(ACTION ITEM):
Would you copy the records exactly, leaving the pictures out?

──────── DATA SUPPLIED ────────

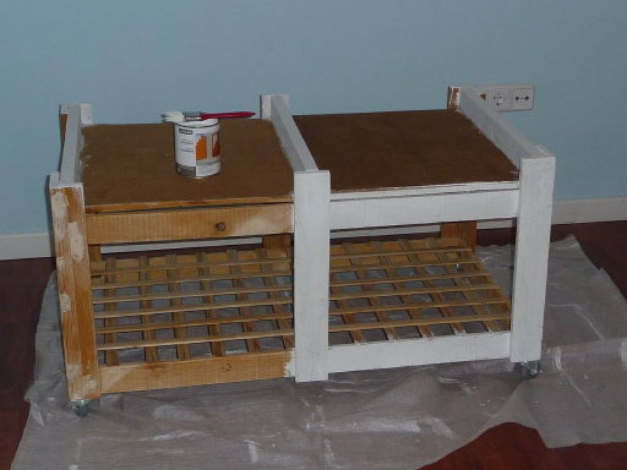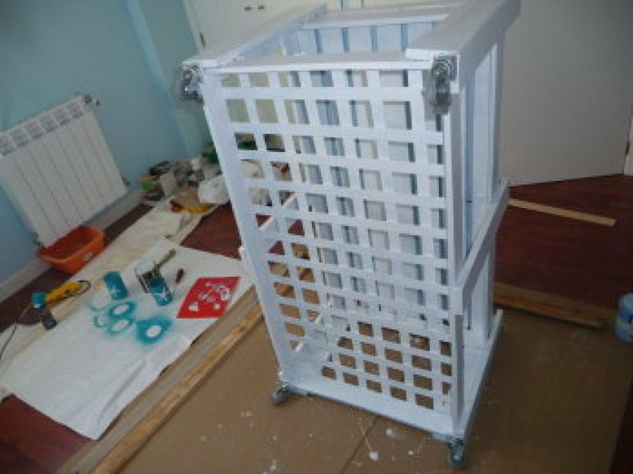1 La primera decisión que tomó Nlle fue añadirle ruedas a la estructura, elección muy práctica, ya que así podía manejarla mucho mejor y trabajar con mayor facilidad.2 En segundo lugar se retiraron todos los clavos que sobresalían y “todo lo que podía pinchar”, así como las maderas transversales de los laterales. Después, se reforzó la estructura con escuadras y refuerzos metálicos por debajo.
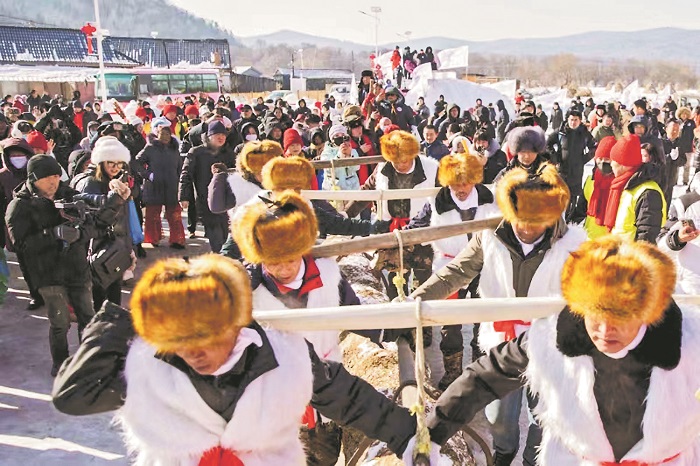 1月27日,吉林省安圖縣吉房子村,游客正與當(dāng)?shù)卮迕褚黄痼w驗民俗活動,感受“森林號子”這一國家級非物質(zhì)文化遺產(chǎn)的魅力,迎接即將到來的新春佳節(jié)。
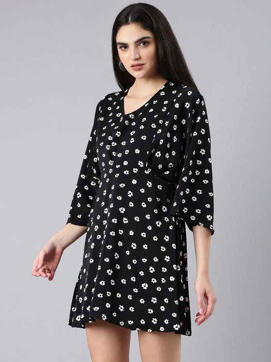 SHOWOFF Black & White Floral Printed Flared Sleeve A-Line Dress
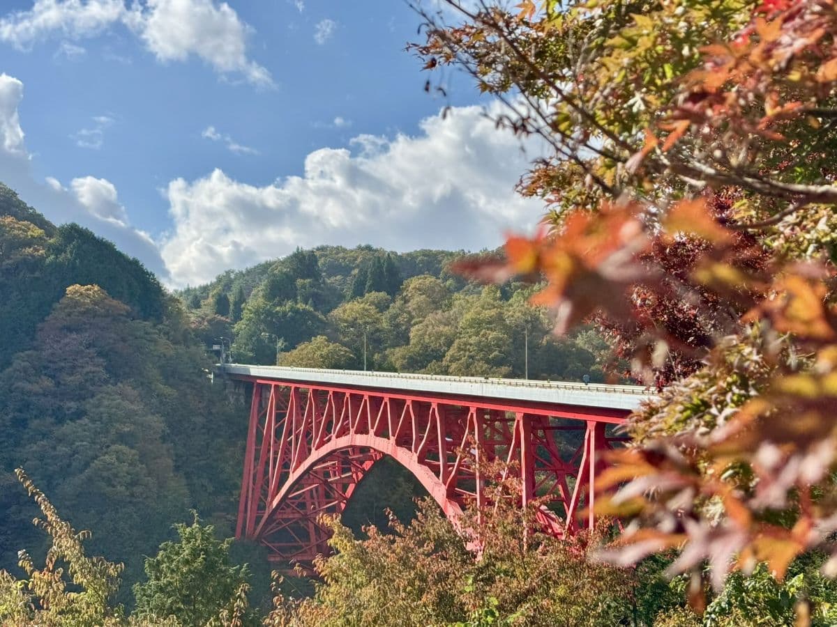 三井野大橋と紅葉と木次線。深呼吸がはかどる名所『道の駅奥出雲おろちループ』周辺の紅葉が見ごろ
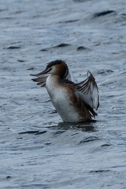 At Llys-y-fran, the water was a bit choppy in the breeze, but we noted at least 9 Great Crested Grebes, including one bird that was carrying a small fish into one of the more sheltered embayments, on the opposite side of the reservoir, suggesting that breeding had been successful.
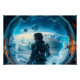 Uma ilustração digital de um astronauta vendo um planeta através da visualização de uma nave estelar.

────────

(EXERCISE SOLUTION):
1 La primera decisión que tomó Nlle fue añadirle ruedas a la estructura, elección muy práctica, ya que así podía manejarla mucho mejor y trabajar con mayor facilidad.2 En segundo lugar se retiraron todos los clavos que sobresalían y “todo lo que podía pinchar”, así como las maderas transversales de los laterales. Después, se reforzó la estructura con escuadras y refuerzos metálicos por debajo.
 1月27日,吉林省安圖縣吉房子村,游客正與當(dāng)?shù)卮迕褚黄痼w驗民俗活動,感受“森林號子”這一國家級非物質(zhì)文化遺產(chǎn)的魅力,迎接即將到來的新春佳節(jié)。
 SHOWOFF Black & White Floral Printed Flared Sleeve A-Line Dress
 三井野大橋と紅葉と木次線。深呼吸がはかどる名所『道の駅奥出雲おろちループ』周辺の紅葉が見ごろ
 At Llys-y-fran, the water was a bit choppy in the breeze, but we noted at least 9 Great Crested Grebes, including one bird that was carrying a small fish into one of the more sheltered embayments, on the opposite side of the reservoir, suggesting that breeding had been successful.
 Uma ilustração digital de um astronauta vendo um planeta através da visualização de uma nave estelar.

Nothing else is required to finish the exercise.